1. Aux termes de l’article R. 532-1 du code de justice administrative : « Le juge des référés peut, sur simple requête et même en l’absence de décision administrative préalable, prescrire toute mesure utile d’expertise ou d’instruction. (...) ». La prescription d’une mesure d’expertise en application de ces dispositions est subordonnée au caractère utile de cette mesure. Si le juge des référés n’est pas saisi du principal, l’utilité d’une mesure d’instruction ou d’expertise qu’il lui est demandée d’ordonner sur le fondement de l’article R. 532-1 du code de justice administrative doit être appréciée, d’une part, au regard des éléments dont le demandeur dispose ou peut disposer par d’autres moyens et, d’autre part, au regard de l’intérêt que la mesure présente dans la perspective d’un litige principal, actuel ou éventuel, auquel elle est susceptible de se rattacher. La mission confiée à un expert ne peut en aucun cas porter sur une question de droit.

2. Il résulte de l’instruction, ainsi que des écritures des requérants, que plusieurs diagnostics ont été réalisés sur les lieux du siège de l’Office national des forêts (ONF) de la Martinique et ont confirmé la présence d’amiante, notamment, un rapport final de mesure de la concentration en fibre d’amiante dans l’air du 3 décembre 2024 concluant à la présence d’amiante dans les locaux et récapitulant les résultats de fibre d’amiante par litre dans l’air pour chaque pièce de l’immeuble. En outre, il résulte de l’instruction que, par courriel du 11 décembre 2024, le directeur territorial de Martinique a demandé à tout le personnel du siège de rester en télétravail. Par ailleurs, la médecine du travail a prescrit des examens pulmonaires ainsi qu’un suivi médical pour les salariés exposés. A l’appui de leur requête, les requérants ne font état d’aucune circonstance nouvelle postérieure au diagnostic complet réalisé en décembre 2024, qui justifierait qu’une nouvelle expertise soit ordonnée. Ils ne font pas davantage état d’une éventuelle augmentation de la présence d’amiante dans les locaux. Dans ces conditions, la mesure d’expertise sollicitée tendant à constater la présence effective de fibres d’amiante dans les locaux du siège de l’ONF, d’identifier les zones de travail concernées, de déterminer les causes et les conséquences sanitaires, ne présente pas de caractère d’utilité au sens des dispositions de l’article R. 532-1 du code de justice administrative, au regard du diagnostic déjà réalisé.
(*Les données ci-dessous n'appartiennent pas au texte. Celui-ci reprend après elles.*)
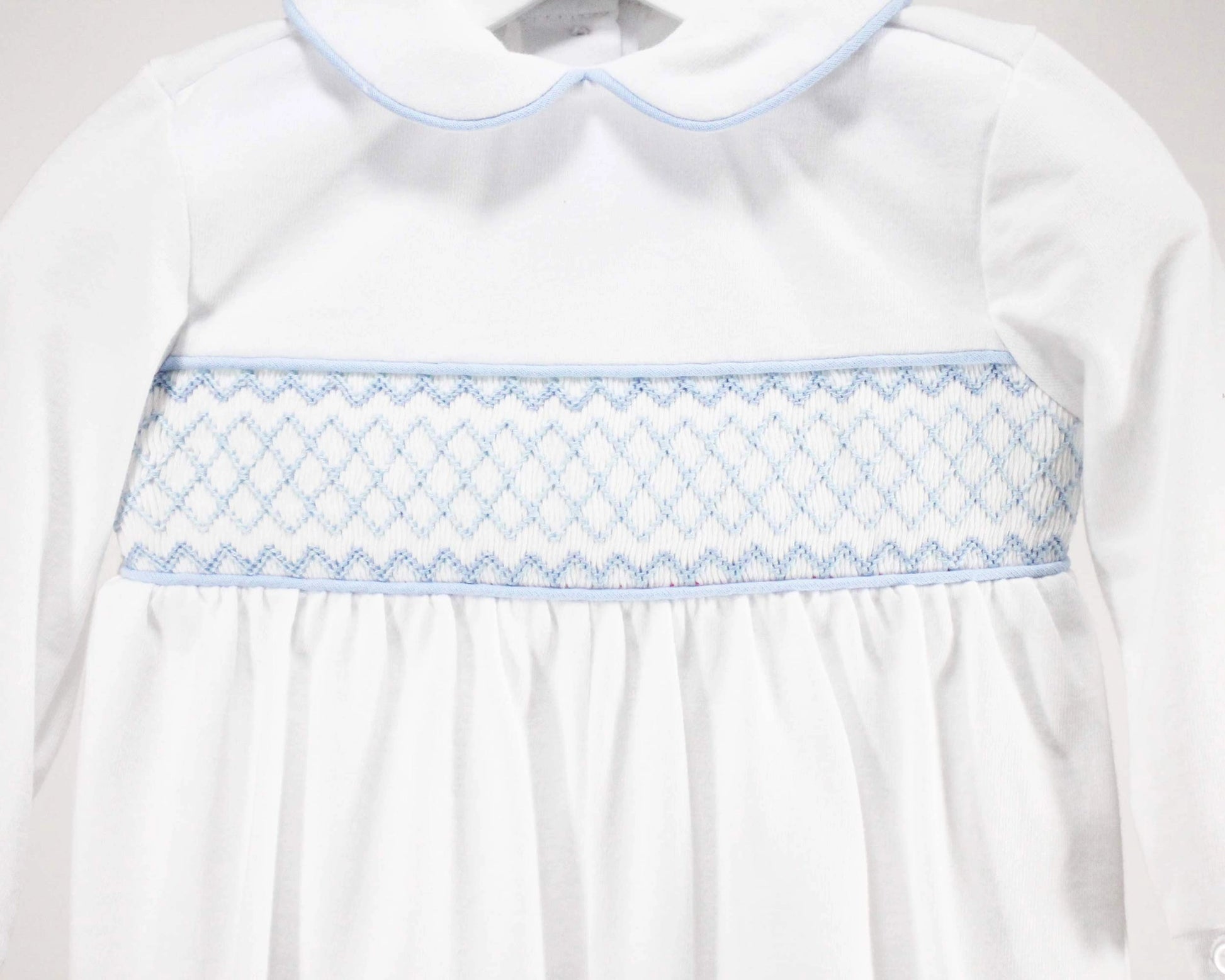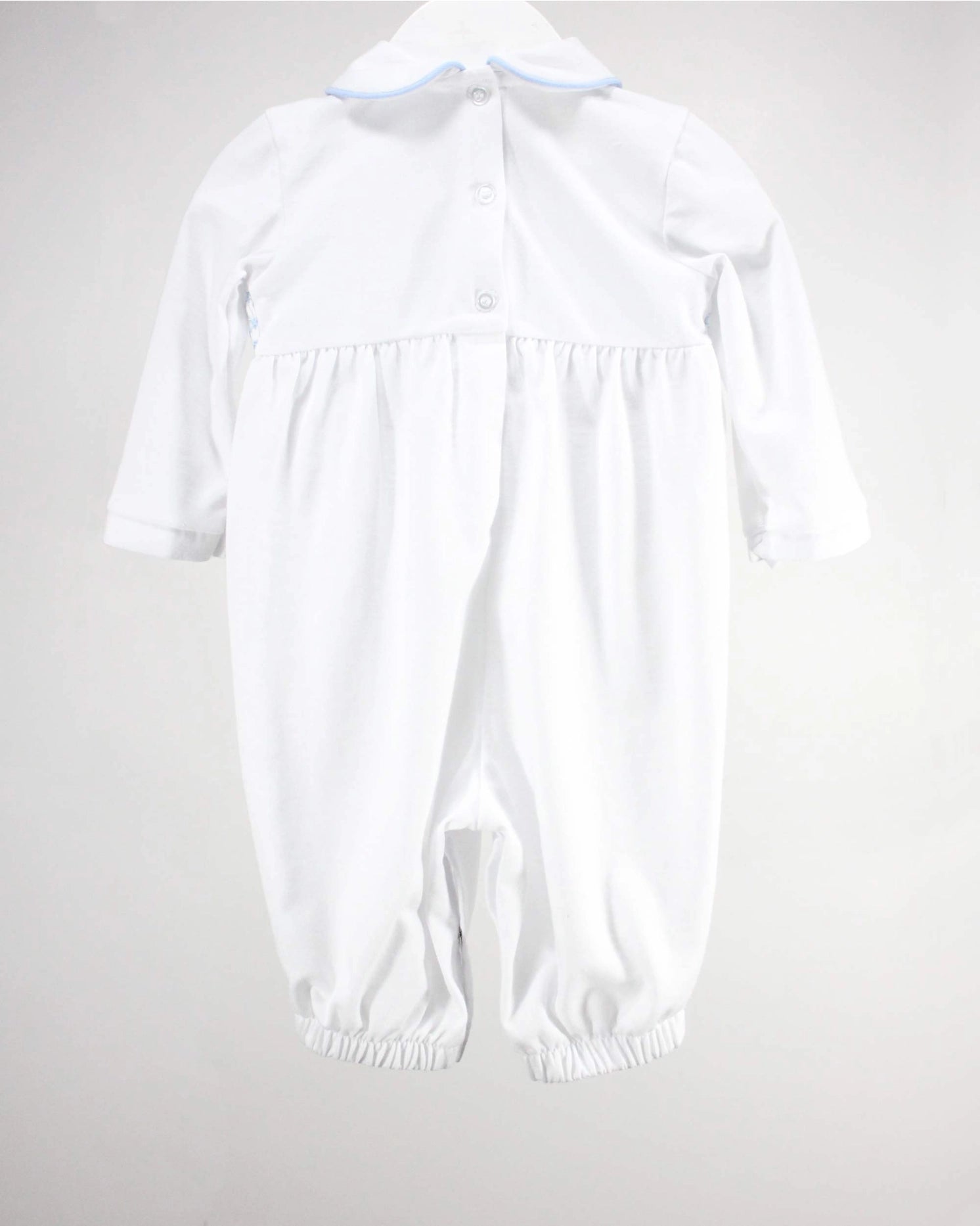 Step into the charm of timeless classics with Baby Blessings Clothing. Our White and Light Blue Levi Gown is a testament to our passion for creating high-quality garments for babies. This baby gown, designed with a touch of classic southern elegance, is carefully stitched to bring magic into every detail. Dress your child beautifully, and let their joy stand out in this charming piece.

Enfin, si les requérants sollicitent une expertise en vue, également, d’apprécier la conformité des décisions de la direction avec les obligations légales en matière de sécurité et de santé au travail, une telle mission est relative à la qualification juridique des faits et aux conséquences juridiques à tirer de ces constatations de fait, portant ainsi sur une question de droit qui n’est pas de celle que le juge des référés peut confier à un expert.

3. Il résulte de ce qui précède, que la demande d’expertise présentée par les requérants ne peut qu’être rejetée, ainsi que, par voie de conséquence, les conclusions présentées à fin d’injonction.


O R D O N N E :

Article 1er : La requête de M. AE..., premier dénommé de la requête, est rejetée.

Article 2 : La présente ordonnance sera notifiée à M. AF... AE..., premier dénommé de la requête.

Copie en sera adressée pour information à l’Office National des Forêts.

Fait à Schœlcher, le 20 janvier 2026.

Le président,


J.-M. Laso

La république mande et ordonne au préfet de la Martinique en ce qui le concerne ou à tous commissaires de justice à ce requis en ce qui concerne les voies de droit commun contre les parties privées, de pourvoir à l’exécution de la présente décision.